Book Review of "Total Blackout" by Alex Shaw

This is a competent action thriller with a more credible Geo-political scenario than most. The key plot device is an apparently non-nuclear Electro-Magnetic-Pulse device which knocks out pretty well all electrical and electronic hardware in the continental United States. As a plot device this is fine: it allows the protagonists to move through Maine and indeed Washington DC as if the authorities are not there, for to all intents and purposes they are not. The hero is an ex-SAS man, Jack Tate, who is believable. However, he's portrayed as working for a direct-action division of MI6, and direct action is something MI6 has never been keen on in real life. Action is largely incompatible with intelligence-gathering, in their view.

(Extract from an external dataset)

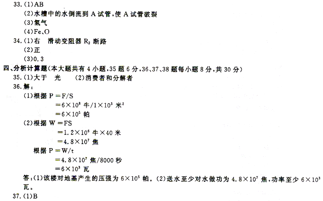 36.改革开放以来,我国城乡面貌发生了日新月异的变化,民众的住房条件得到了很大的改善。建造某幢公寓楼,所用建筑材料的总重为6×108牛。此公寓楼楼顶到地面的高度为40米。求: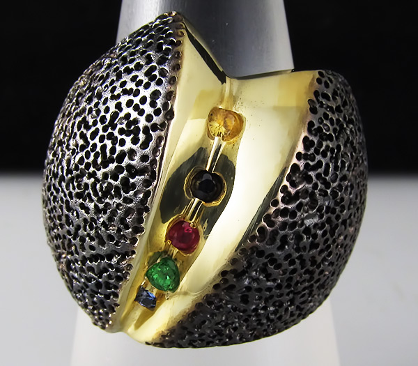 Кольцо из черненого стерлингового серебра 925 пробы с цаворитом гранатом и сапфирами. Вес кольца — 11,1 гр. Площадка кольца — 23×22 мм. Выборочное золочение.

The enemy is a partnership between a Chinese electronics company and a Russian private military contractor. (These do exist and one came to grief in a big way in Syria at the hands of American forces a little while back.) However, while Russia is an authoritarian state, Communist China is a totalitarian one and there is no such thing as a Chinese company (with more than 30 employees) outside of direct, daily and detailed Chinese Communist Party control, even though they all claim to be independent when targeted by American sanctions!

So there are many aspects to this tale which are realistic, but the EMP device itself is not.
Non-nuclear EMP devices, or Explosively-Pulsed Microwave Weapons do exist, but being powered by non-nuclear sources they work by focusing the limited energy available onto a small area, a few acres, say. They can be quite efficient at damaging equipment in the small area and even in underground bunkers, because the microwave energy they radiate can be coherent (like a laser) as well as focused and directional. But to affect the whole of the United States they would have to be converting energies on the scale of a largish single-stage nuclear bomb. (Multi-stage thermonuclear devices are less efficient at producing EMP. But they can make up for what they lack in efficiency by sheer power.)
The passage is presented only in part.